⟨
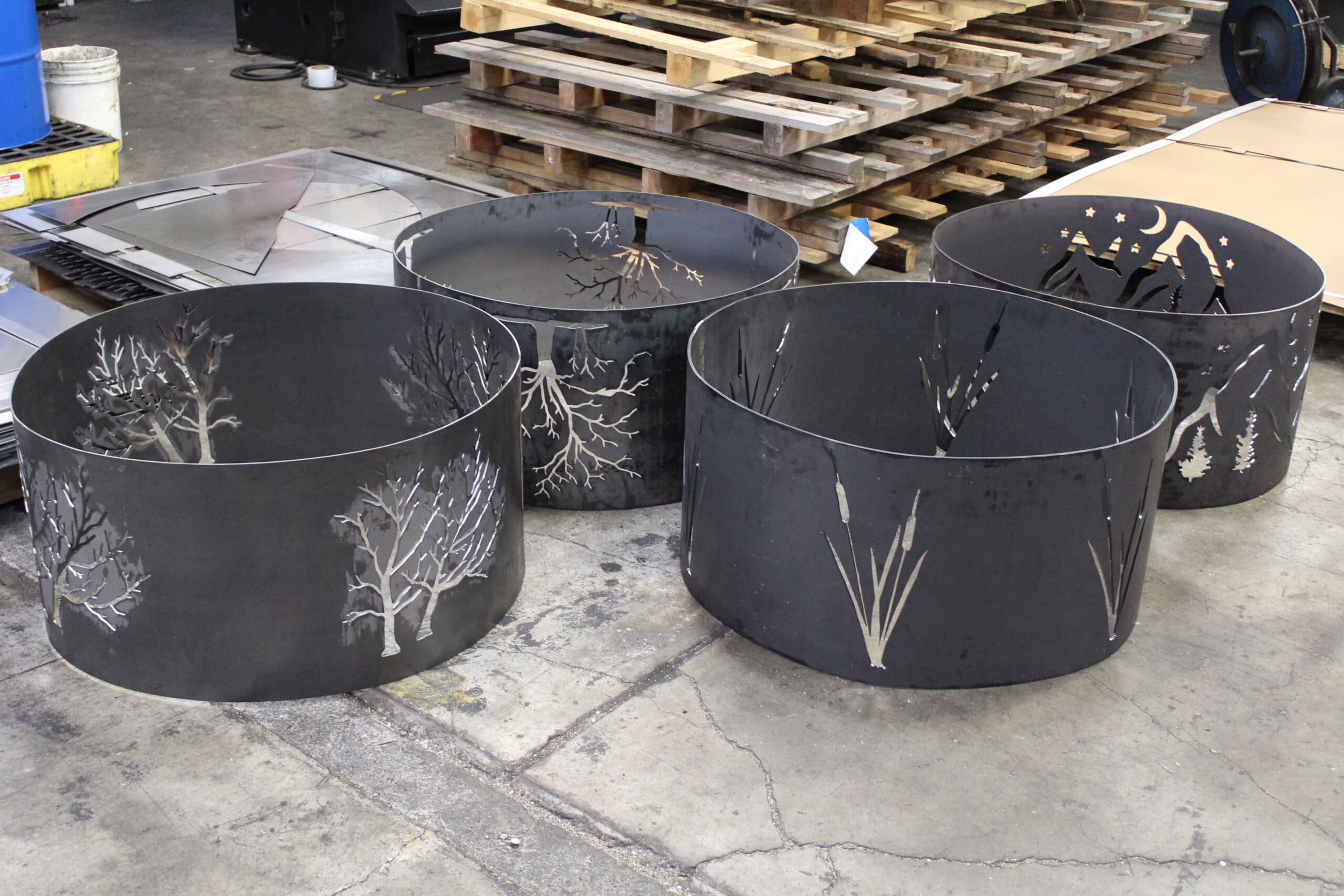 The customer requested four custom-designed firepits, each measuring 30 inches in diameter and 18 inches in height, made from 10-gauge carbon steel. The customer chose the designs of each firepit based on the images we had on file. In fact, our catalog of artwork helps clients like this put together unique designs that perfectly fit their styles.
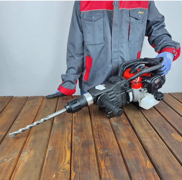 مشخصات: موتور دو زمانه، انرژی ضربه ای ۳۰ ژول، ۵۳۰۰ دور بر دقیقه، مصرف سوخت نیم لیتر بر ساعت، قابلیت استفاده مته تا سایز ۵۰، دارای عملکرد دو گانه( مته چکشی و تخریب)، به همراه دو عدد قلم تخت و تیز و سه عدد مته ۵ شیار ، ظرفیت مخزن سوخت ۹۰۰ سی سی
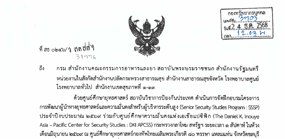 ขอเรียนเชิญเข้าร่วมอบรมโครงการการพัฒนาผู้นำทางยุทธศาสตร์และความมั่นคงสำหรับผู้บริหารระดับสูง
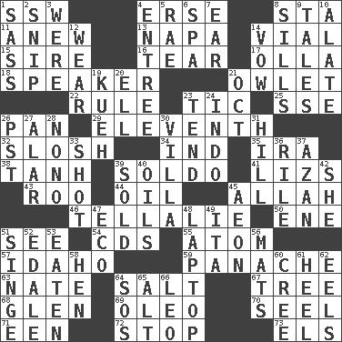 ACROSS 1. Compass dir. 4. Celtic language 8. R.R. building 11. Afresh 13. California wine valley 14. Small bottle 15. Title for a man of rank and authority 16. Rend 17. Spanish pot 18. Orator 21. A small or young owl 22. Governing power 23. Nervous spasm 25. Compass dir. 26. Baking dish 29. Veterans Day date 32. Agitate, as a liquid 34. Working for oneself (abbr.) 35. Retirement account (abbr.) 38. Hyperbolic tangent 39. Twentieth part of a lira 41. Belonging to Elizabeth 43. Friend of Pooh 44. Lubricate 45. Assad's deity 46. Copy Pinocchio 50. Compass dir. 51. Perceive with the eye 54. Music discs 55. Tiny particle 57. Potato state 59. Flamboyance 63. Nathan's nickname 64. Table seasoning 67. Relationship diagram 68. Small, secluded valley 69. Margarine 70. Stitch closed the eyes of (a falcon) 71. Car or cant ending 72. Obstruct or block passage 73. Raised railways DOWN 1. Backtalk 2. Sever or remove by pinching or nipping 3. Past tense of be (plural) 4. Main course 5. Actress Charlotte 6. Health resort 7. Hearing organ 8. Beverly of Met fame 9. Stories 10. Having winglike extensions 12. Put on (as clothing) 14. Solemn pledge 19. Malaysian steamed pastry 20. Pipe bend 21. Sep. follower 23. Look after 24. Southeast Asian peninsula 26. Pacific Standard Time (abbr.) 27. Having or resembling wings 28. Words to Nanette 30. Country residence 31. Land elevation 33. Went for two points 36. Cause heat under the collar 37. Muslim summons to prayer 39. Disposed of to a purchaser 40. Lubricates 42. A female animal or person 45. A really long time 47. Environmental prefix 48. Portable computer 49. Call ___ day 51. Burn superficially 52. Peak District village in England 53. Ingested 56. Floor coverings 58. Layer 60. Algonquian 61. The bottom of a shoe or boot 62. Snakelike fish 64. Mayday 65. Keyboard modifier key 66. Lion
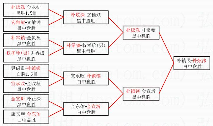 | 2.上半区半决赛朴炫洙获胜, 比分:朴炫洙 1:0 朴常镇。棋局: | ||
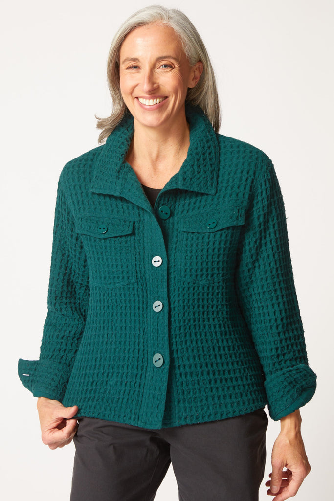 Great waffle weave texture, dyed to match buttons, cargo pockets and shirt cuffs. An on trend silhouette, fully lined and ready for travel.
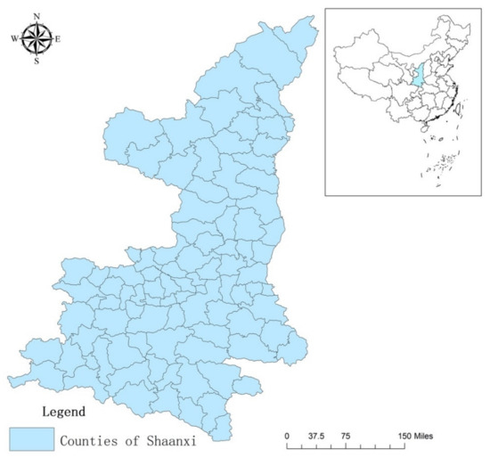 Figure 1). It is a long and narrow province with high terrain in the north and south, and low terrain in the middle. From north to south, Shaanxi can be divided into three geomorphic regions: the northern Shaanxi plateau, the Guanzhong plain, and the Qinba mountain. The total land area is 205,600 km
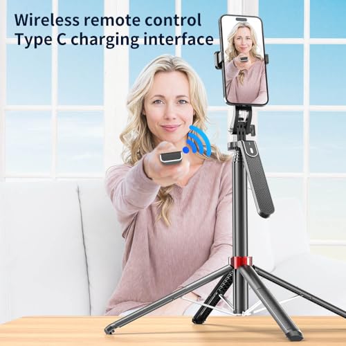 【Rechargeable Remote Shutter】Free your hands and enjoy taking photos remotely with the selfie stick tripod with remote control. It can maintain a stable connection at a distance of up to 33 feet/10 meters and is compatible with most smartphones such as Android and iPhone. It also supports Type-C charging, eliminating the need to replace batteries.
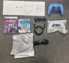 For sale is a good, preowned Sony PlayStation 5 8K console with 825GB storage, 2 controllers (one white, one blue/purple), 1 power cord, 1 USB C charging cable 1 USB charging cable, 1 HDMI cable, manufacturer’s documentation and a new, sealed Guardians of the Galaxy video game and a new Horizons game code. System has a Blu Ray drive installed.
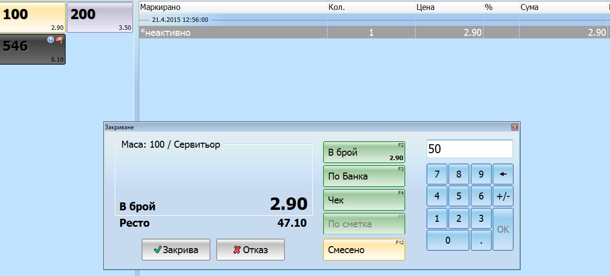 Значи... Когато сервитьор си закрие персоналния отчет, няма проблем. Но... ако потребител с права за закриване на персонален отчет и отчет на заведението закрие сервитьора, % липсва в Справка Персонални Отчети.
⟩
# PROBLEM:
Restate each of the entries above word for word and skip every image.

# RESPONSE BELOW:
 The customer requested four custom-designed firepits, each measuring 30 inches in diameter and 18 inches in height, made from 10-gauge carbon steel. The customer chose the designs of each firepit based on the images we had on file. In fact, our catalog of artwork helps clients like this put together unique designs that perfectly fit their styles.
 مشخصات: موتور دو زمانه، انرژی ضربه ای ۳۰ ژول، ۵۳۰۰ دور بر دقیقه، مصرف سوخت نیم لیتر بر ساعت، قابلیت استفاده مته تا سایز ۵۰، دارای عملکرد دو گانه( مته چکشی و تخریب)، به همراه دو عدد قلم تخت و تیز و سه عدد مته ۵ شیار ، ظرفیت مخزن سوخت ۹۰۰ سی سی
 ขอเรียนเชิญเข้าร่วมอบรมโครงการการพัฒนาผู้นำทางยุทธศาสตร์และความมั่นคงสำหรับผู้บริหารระดับสูง
 ACROSS 1. Compass dir. 4. Celtic language 8. R.R. building 11. Afresh 13. California wine valley 14. Small bottle 15. Title for a man of rank and authority 16. Rend 17. Spanish pot 18. Orator 21. A small or young owl 22. Governing power 23. Nervous spasm 25. Compass dir. 26. Baking dish 29. Veterans Day date 32. Agitate, as a liquid 34. Working for oneself (abbr.) 35. Retirement account (abbr.) 38. Hyperbolic tangent 39. Twentieth part of a lira 41. Belonging to Elizabeth 43. Friend of Pooh 44. Lubricate 45. Assad's deity 46. Copy Pinocchio 50. Compass dir. 51. Perceive with the eye 54. Music discs 55. Tiny particle 57. Potato state 59. Flamboyance 63. Nathan's nickname 64. Table seasoning 67. Relationship diagram 68. Small, secluded valley 69. Margarine 70. Stitch closed the eyes of (a falcon) 71. Car or cant ending 72. Obstruct or block passage 73. Raised railways DOWN 1. Backtalk 2. Sever or remove by pinching or nipping 3. Past tense of be (plural) 4. Main course 5. Actress Charlotte 6. Health resort 7. Hearing organ 8. Beverly of Met fame 9. Stories 10. Having winglike extensions 12. Put on (as clothing) 14. Solemn pledge 19. Malaysian steamed pastry 20. Pipe bend 21. Sep. follower 23. Look after 24. Southeast Asian peninsula 26. Pacific Standard Time (abbr.) 27. Having or resembling wings 28. Words to Nanette 30. Country residence 31. Land elevation 33. Went for two points 36. Cause heat under the collar 37. Muslim summons to prayer 39. Disposed of to a purchaser 40. Lubricates 42. A female animal or person 45. A really long time 47. Environmental prefix 48. Portable computer 49. Call ___ day 51. Burn superficially 52. Peak District village in England 53. Ingested 56. Floor coverings 58. Layer 60. Algonquian 61. The bottom of a shoe or boot 62. Snakelike fish 64. Mayday 65. Keyboard modifier key 66. Lion
 | 2.上半区半决赛朴炫洙获胜, 比分:朴炫洙 1:0 朴常镇。棋局: | ||
 Great waffle weave texture, dyed to match buttons, cargo pockets and shirt cuffs. An on trend silhouette, fully lined and ready for travel.
 Figure 1). It is a long and narrow province with high terrain in the north and south, and low terrain in the middle. From north to south, Shaanxi can be divided into three geomorphic regions: the northern Shaanxi plateau, the Guanzhong plain, and the Qinba mountain. The total land area is 205,600 km
 【Rechargeable Remote Shutter】Free your hands and enjoy taking photos remotely with the selfie stick tripod with remote control. It can maintain a stable connection at a distance of up to 33 feet/10 meters and is compatible with most smartphones such as Android and iPhone. It also supports Type-C charging, eliminating the need to replace batteries.
 For sale is a good, preowned Sony PlayStation 5 8K console with 825GB storage, 2 controllers (one white, one blue/purple), 1 power cord, 1 USB C charging cable 1 USB charging cable, 1 HDMI cable, manufacturer’s documentation and a new, sealed Guardians of the Galaxy video game and a new Horizons game code. System has a Blu Ray drive installed.
 Значи... Когато сервитьор си закрие персоналния отчет, няма проблем. Но... ако потребител с права за закриване на персонален отчет и отчет на заведението закрие сервитьора, % липсва в Справка Персонални Отчети.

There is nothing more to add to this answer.